Прямо в коридоре, на нескольких табуретках стоял гроб. Крышка его была открыта и ждала своего часа, прислонившись к стене. На ватных ногах Орландо медленно приблизился, сделав Тузендорфу знак оставаться на месте. Лия лежала, укрытая до подбородка белой простыней, и красивое лицо ее уже было отмечено смертью – черты заострились, чернота покрыла глазницы и губы. А может, это ему показалось при плохом освещении? Сжав кулаки, чтобы не плакать, Орландо жадно всматривался в нее, надеясь отыскать хоть одну знакомую черту, хоть одно движение, которое делало ее лицо столь живым. Он вспомнил, что впервые увидел ее взрослой тоже ночью, при скудном освещении. И тогда провалы глазниц казались черными ямами, но как же это было по-другому! Сейчас перед ним лежала чужая, страшная гостья, которую он не знал, которая никогда бы не могла так улыбаться, как это делала Лия. Каждая черточка, каждая складочка на ее лице была другой, и он судорожно искал хоть какой-то признак жизни – но напрасно, только тени играли на мертвом лице.

И еще был запах. Несильный, но всепроникающий, не дававший ни на секунду усомниться в реальности происходящего. Нет, это невозможно было вынести, и Орландо отошел в сторону, делая солдатам знак сворачиваться. Четверо из них подняли гроб на плечи и понесли к выходу, Правитель, заботливо поддерживаемый Тузендорфом, шел следом. Он уже был тут и помнил, что ход заканчивался в какой-то роще, но забыл ее название.

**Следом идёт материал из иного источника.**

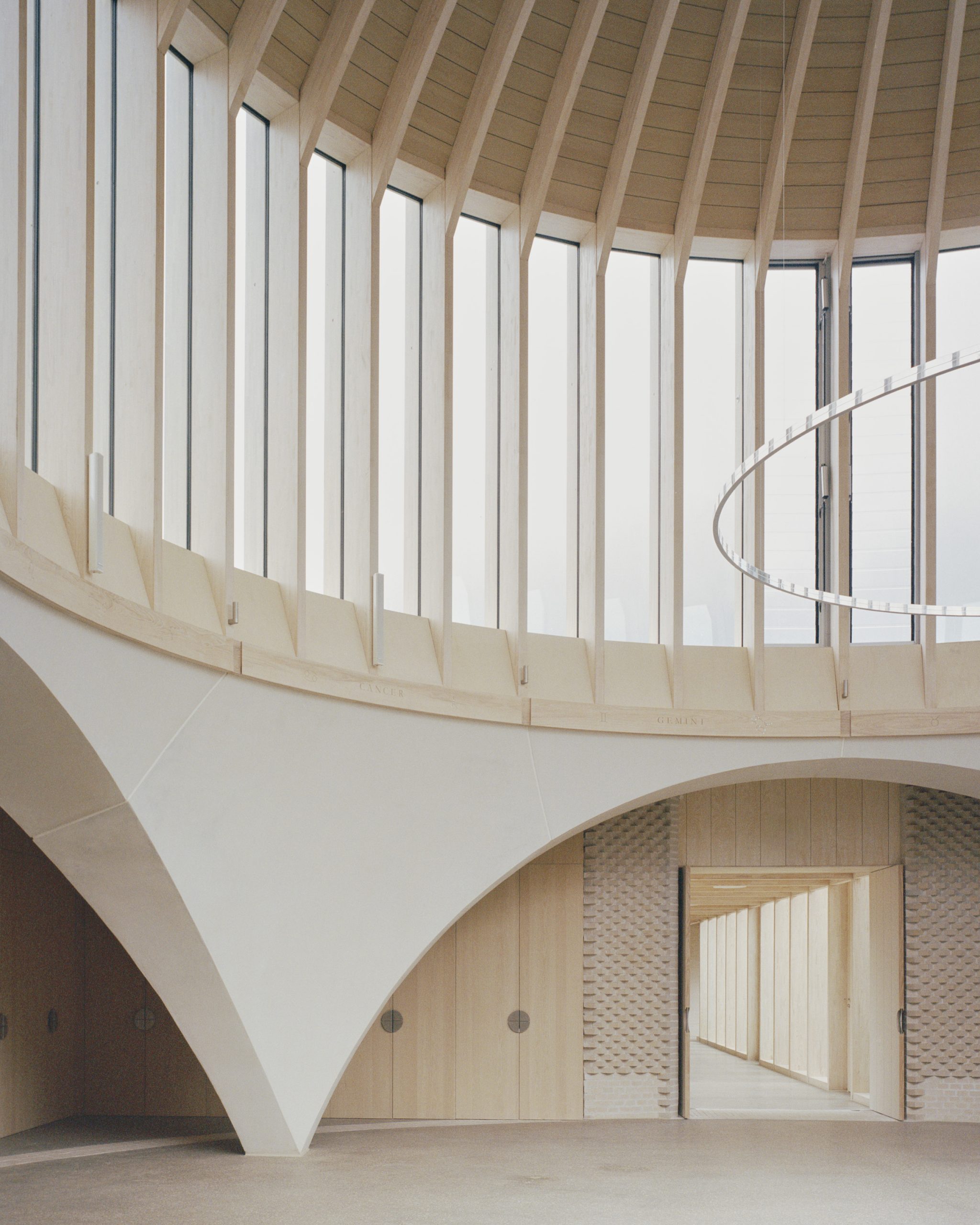 The building demonstrates an exemplar approach to passive design and long-term sustainability. JGA adopted a ‘fabric-first’ approach to the build, with the main structural frame entirely constructed off-site from glue laminated timber, engineered to eliminate the need for any steelwork. Underfloor heating is provided by a ground source heat pump that is buried in the landscape, with additional power provided by photovoltaic panels. The inner temple’s pre-cast pendentive arches provide thermal mass. A raised floor slab naturally cools the internal spaces with fresh air supplied by an underground labyrinth ventilation system, while high level actuators in the temple clerestory allow warm air to escape.

- Голубиная Роща… - вдруг сказал Тузендорф, словно вторя его мыслям. – Я нашел там хорошее место. Тихо, людей нет…

Когда показался свет в конце коридора, Орландо с изумлением вспомнил, что сейчас день. Ему казалось, что весь мир окутан тьмой, и только неверный факельный свет пляшет, сбивая с толку путников. Но вышли они действительно в день, серый и бессолнечный – облака грязной ватой висели на небе, обложив его от края до края. Мелкий, колючий снег вился вокруг них, попадая под перчатки, за шиворот, кусая, подобно злобному насекомому.

Скорбная процессия медленно двигалась куда-то в лес. Там, на пригорке, открытом для птиц и взглядов, уже была выкопана могила в мерзлой земле. Место, которое понравилось Тузендорфу, представляло собой пологий склон, со всех сторон окаймленный деревьями. Внизу открывался далекий вид на плериэльские равнины, и, до наступления зимы, тут наверное было очень красиво.

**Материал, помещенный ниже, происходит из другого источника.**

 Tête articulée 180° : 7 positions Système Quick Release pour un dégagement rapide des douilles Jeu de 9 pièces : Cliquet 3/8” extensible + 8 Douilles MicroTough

- Почему роща называется Голубиной?

- Говорят, что раньше здесь была хорошая охота на этих птиц, но сейчас их почти не осталось.

- У нее была подвеска в виде голубя…

Тузендорф с жалостью посмотрел на своего повелителя, но ничего не сказал.
Солдаты поставили гроб возле могилы и вытянулись рядом, готовые закрыть крышку по первому требованию. Орландо еще раз взглянул на покойницу и чуть не упал –при дневном свете она снова стала собой. Перед ним лежала Лия, та самая, улыбчивая девочка с красивыми глазами и часто нахмуренными бровями. Теперь она была мертва, несомненно. Больше никогда эти ресницы, угольно чернеющие на белом лице, не взметнутся как испуганные птички. Больше никогда она не улыбнется и не посмотрит исподлобья, чтобы потом взмахнуть головой и задрать нос – на шее ее теперь красный шнурок, который не снимается.

Ему захотелось схватить ее и затрясти, заставить сбросить жуткую маску с фиолетовыми губами, встать и заговорить. Сам не замечая, он наклонялся все ближе к мертвому лицу, но вдруг увидел снег, заставивший его отпрянуть. Снег, падающий с неба, оставлял лужицы на его губах и веках, но на лице Лии он не таял. Снежинка за снежинкой аккуратно ложилась рядом, стирая мертвенную черноту, делая ее лицо чистым и молодым. Орландо шагнул назад, едва не упав в яму, и велел закрывать гроб.

Секунда – и Лия навсегда исчезла из глаз, как будто никогда и не было в мире такого человека. Несколько равномерных ударов молотком и она превратилась в воспоминание. Гроб опустили в могилу, потом забросали землей, а Орландо все никак не мог осознать, что все кончилось. Тузендорф тихонько отдавал какие-то распоряжения, стоя у него за спиной, а потом подергал его за рукав.
- Ваше Высокопревосходительство, мы тут отойдем немного. Вы как решите идти, возвращайтесь по следам наверх, мы вас будем ждать возле входа.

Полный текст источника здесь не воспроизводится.